A hot solid sphere is rotating about a diameter at an angular velocity w. If it cools so that its radius reduces to 1/n of its initial value, then its angular velocity becomes what????

To understand how the angular velocity of a rotating sphere changes when its radius decreases, we can apply the principle of conservation of angular momentum. Angular momentum is a measure of the rotational motion of an object and is given by the product of the moment of inertia and the angular velocity. Let's break this down step by step.

Angular Momentum and Moment of Inertia

The angular momentum (L) of a solid sphere can be expressed as:

L = I * ω

where:

• I is the moment of inertia of the sphere, and
• ω is the angular velocity.

For a solid sphere, the moment of inertia is given by:

I = (2/5) * m * r²

Here, m is the mass of the sphere and r is its radius. When the sphere cools and its radius reduces to r/n, we need to find out how this affects the angular velocity.

Change in Radius and Mass

Assuming the sphere is made of a material that maintains its density, when the radius decreases, the mass will also change. The volume of the sphere is given by:

V = (4/3) * π * r³

When the radius becomes r/n, the new volume (V') is:

V' = (4/3) * π * (r/n)³ = (4/3) * π * (r³/n³)

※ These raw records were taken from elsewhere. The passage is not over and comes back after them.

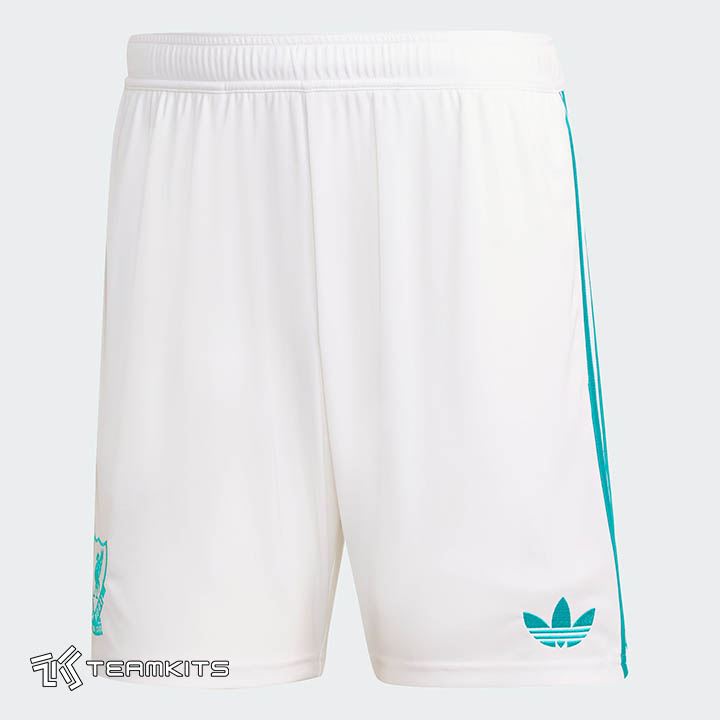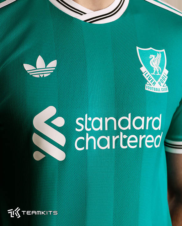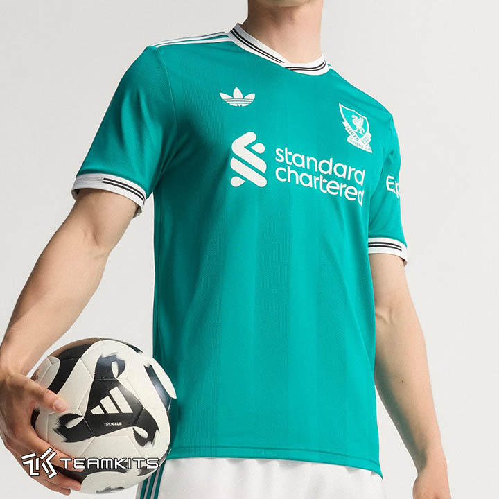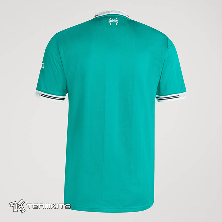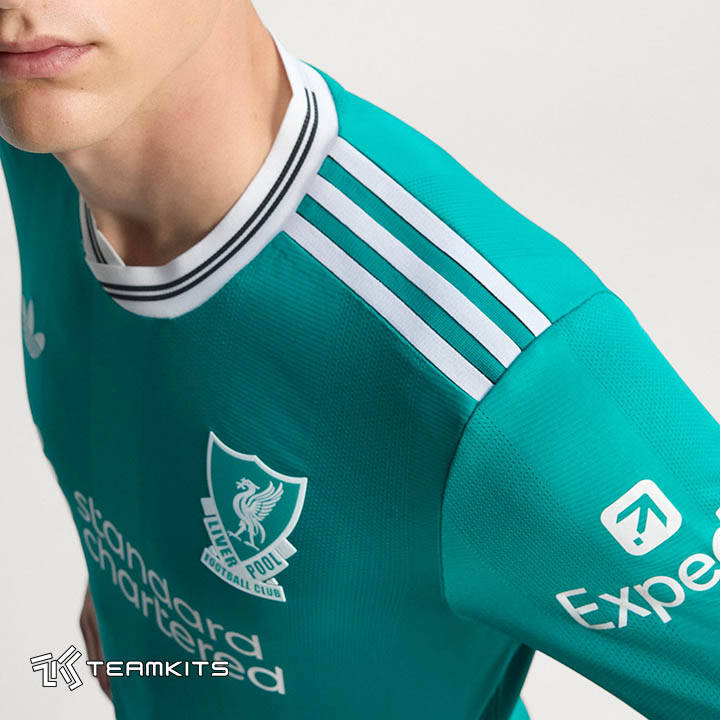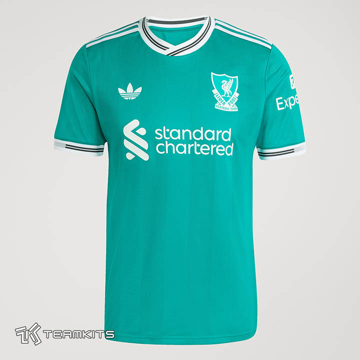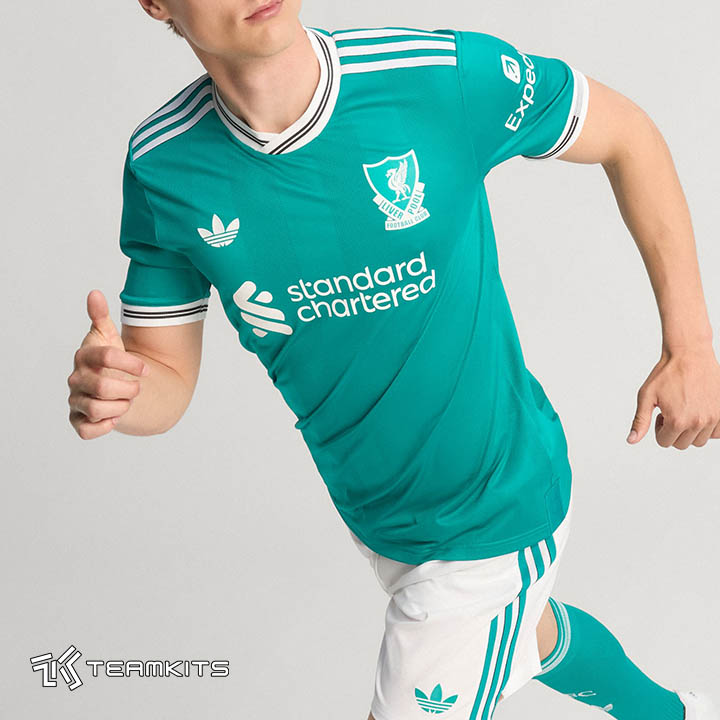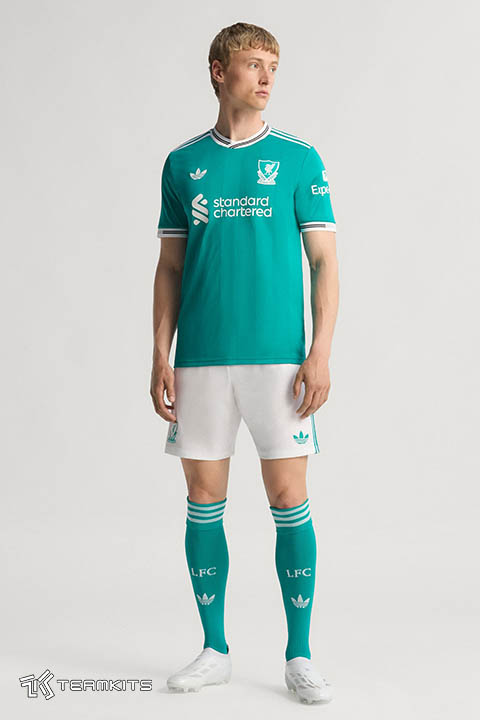 برای این لباس از فرم مدرنیزه یکی از لوگوهای قدیمی باشگاه لیورپول که در بازه سال های ۱۹۸۷ تا ۱۹۹۲ مورد استفاده قرار می گرفت بهره برده شده است. یقه و نوار لبه آستین سفید با دو خط باریک بر روی آن به همراه شورت سفید و جوراب سبز دریایی ترکیب لباس سوم لیورپول در فصل ۲۰۲۶-۲۰۲۵ را کامل می کند.
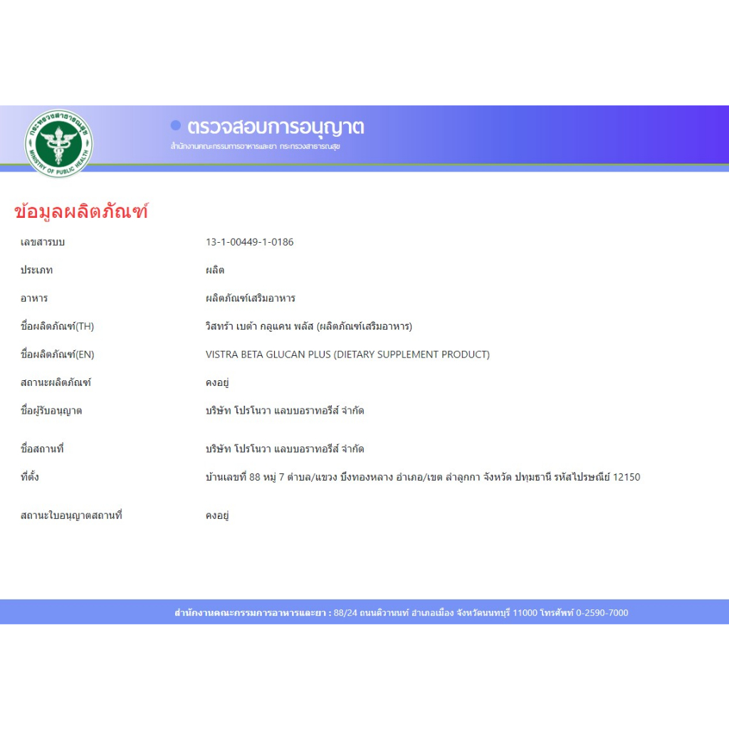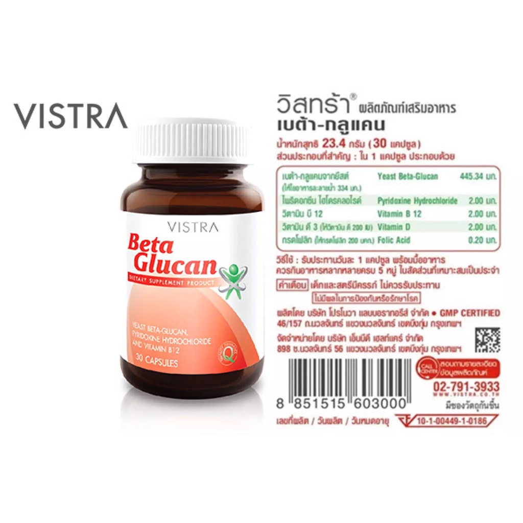 VISTRA Beta Glucan Plus 30 caps วิสทร้า เบต้า กลูแคน 30 แคปซูล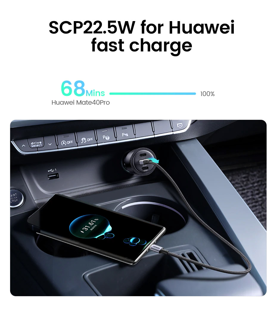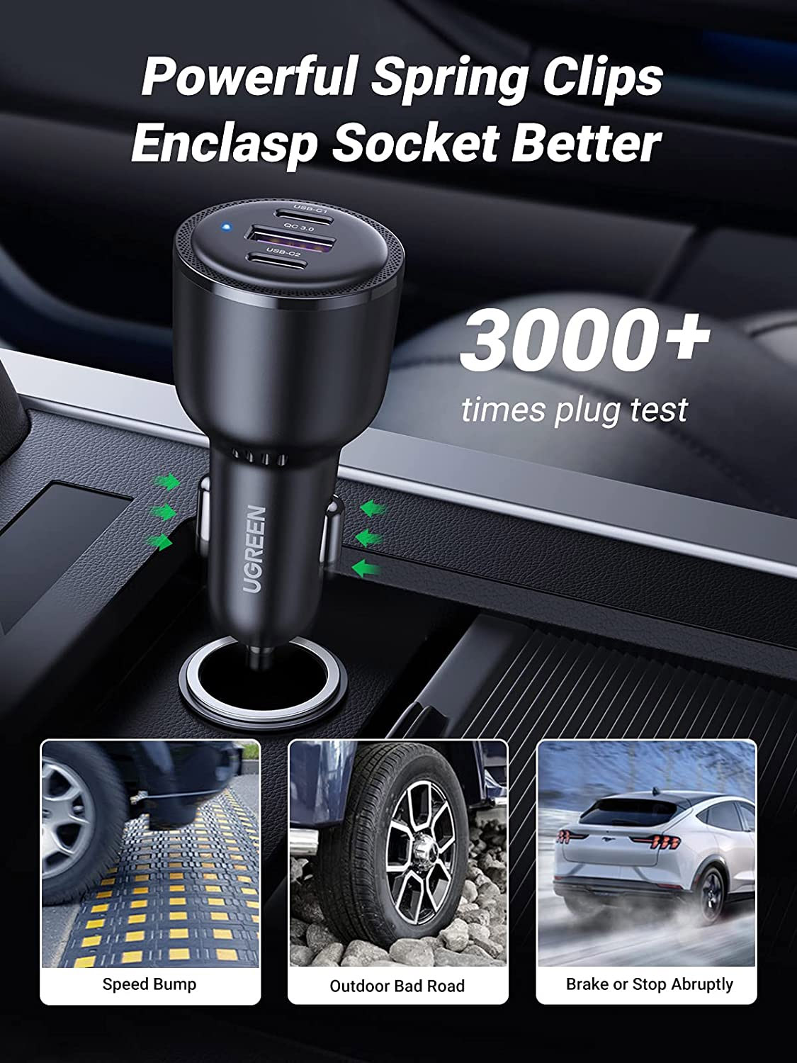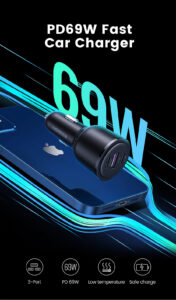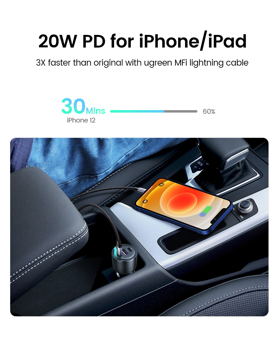 UGREEN 69 W cargador rápido para automóvil carga rápido para su MacBook y otras ordenadores portátiles, nunca se preocupe por la falta de energía. El cargador de coche admite una potencia máxima de 60 W a través del puerto USB-C2. Permite cargar su MacBook Air de 0 a 100% en solo 93 minutos.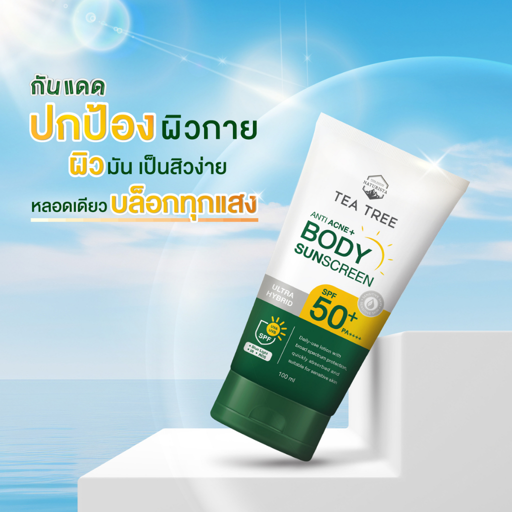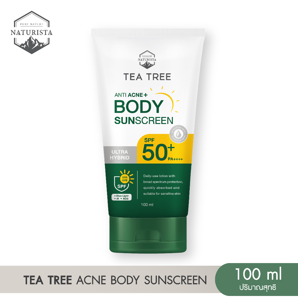 ใหม ่! Naturista ครีมกันแดดทีทรี สำหรับผิวกาย TEA TREE ANTI ACNE ULTRA HYBRID BODY SUNSCREEN SPF50+ PA++++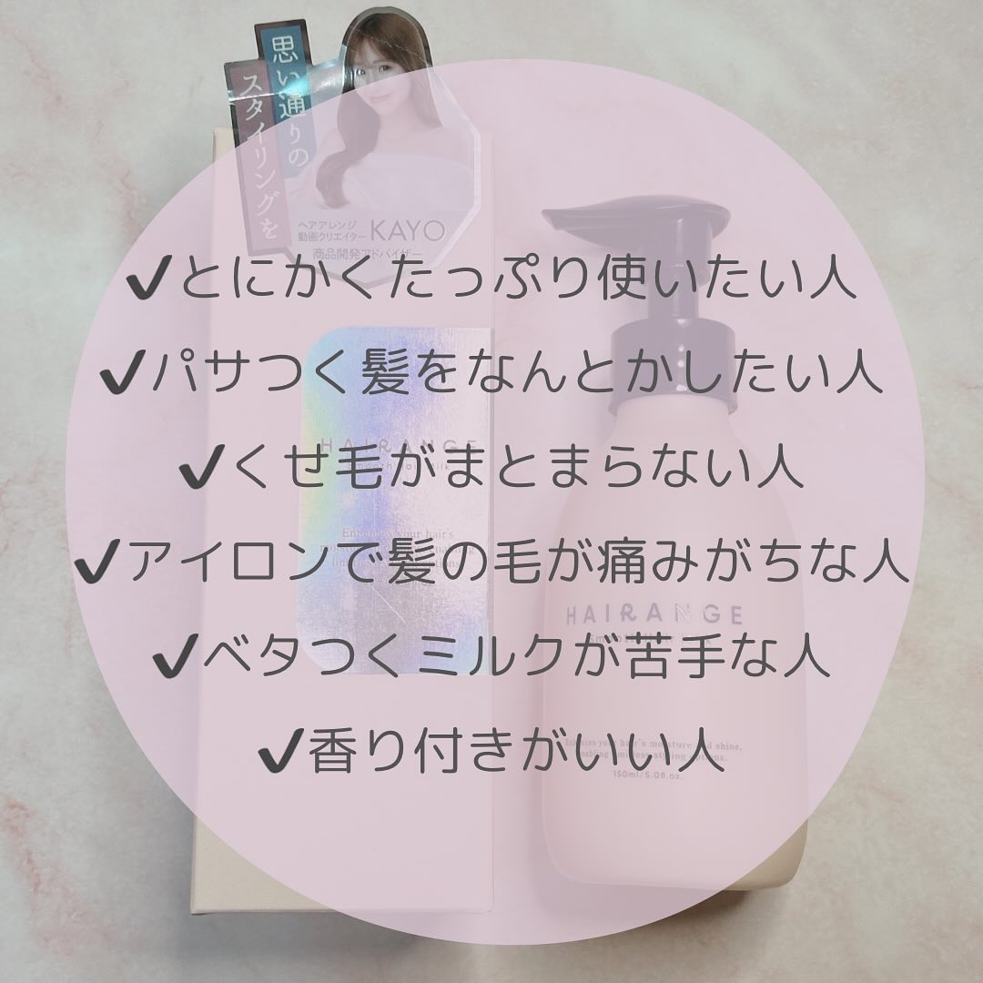 | ヘアケア・スタイリングランキング第6位 | 普通〜太めの髪用のミルク。とにかく香りが甘くて良い匂いで髪のまとまりが出ていい感じです😆 | 詳細を見る | |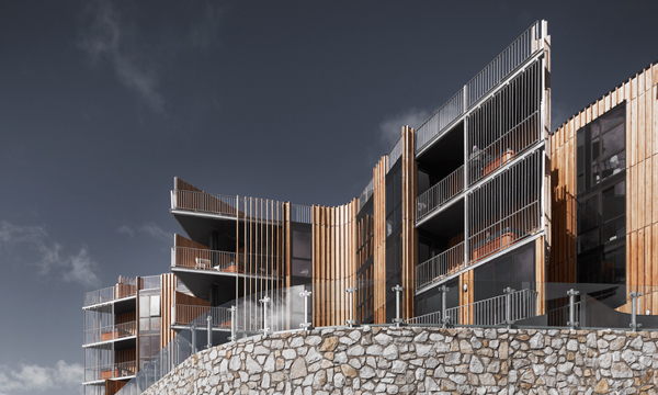 Quay West's timber cocoon is an important advance in building technology. The question was how to use timber in an alpine environment, given the rapid deterioriation of the material from the stress of temperature related expansion and contraction? Our answer: Redefining timber wall cladding as baton walls with slotted nail holes that allow the boards to expand and contract without drying or cracking.

Thus, the new mass (m') will be:

m' = ρ * V' = ρ * (4/3) * π * (r³/n³) = m/n³

Calculating New Moment of Inertia

Now, substituting the new mass and radius into the moment of inertia formula:

I' = (2/5) * m' * (r/n)² = (2/5) * (m/n³) * (r²/n²) = (2/5) * m * r² / n⁵

Applying Conservation of Angular Momentum

According to the conservation of angular momentum, the initial angular momentum must equal the final angular momentum:

L_initial = L_final

Substituting the expressions for angular momentum:

I * ω = I' * ω'

Now, substituting the values we derived:

(2/5) * m * r² * ω = (2/5) * (m/n³) * (r²/n²) * ω'

We can cancel out common terms:

m * ω = (m/n³) * (1/n²) * ω'

After canceling m and rearranging, we find:

ω' = ω * n⁵

Final Result

Thus, when the radius of the sphere reduces to 1/n of its initial value, the new angular velocity becomes:

ω' = n⁵ * ω

This means that the angular velocity increases significantly as the radius decreases, specifically by a factor of n to the fifth power. This illustrates how changes in physical dimensions can dramatically affect rotational dynamics.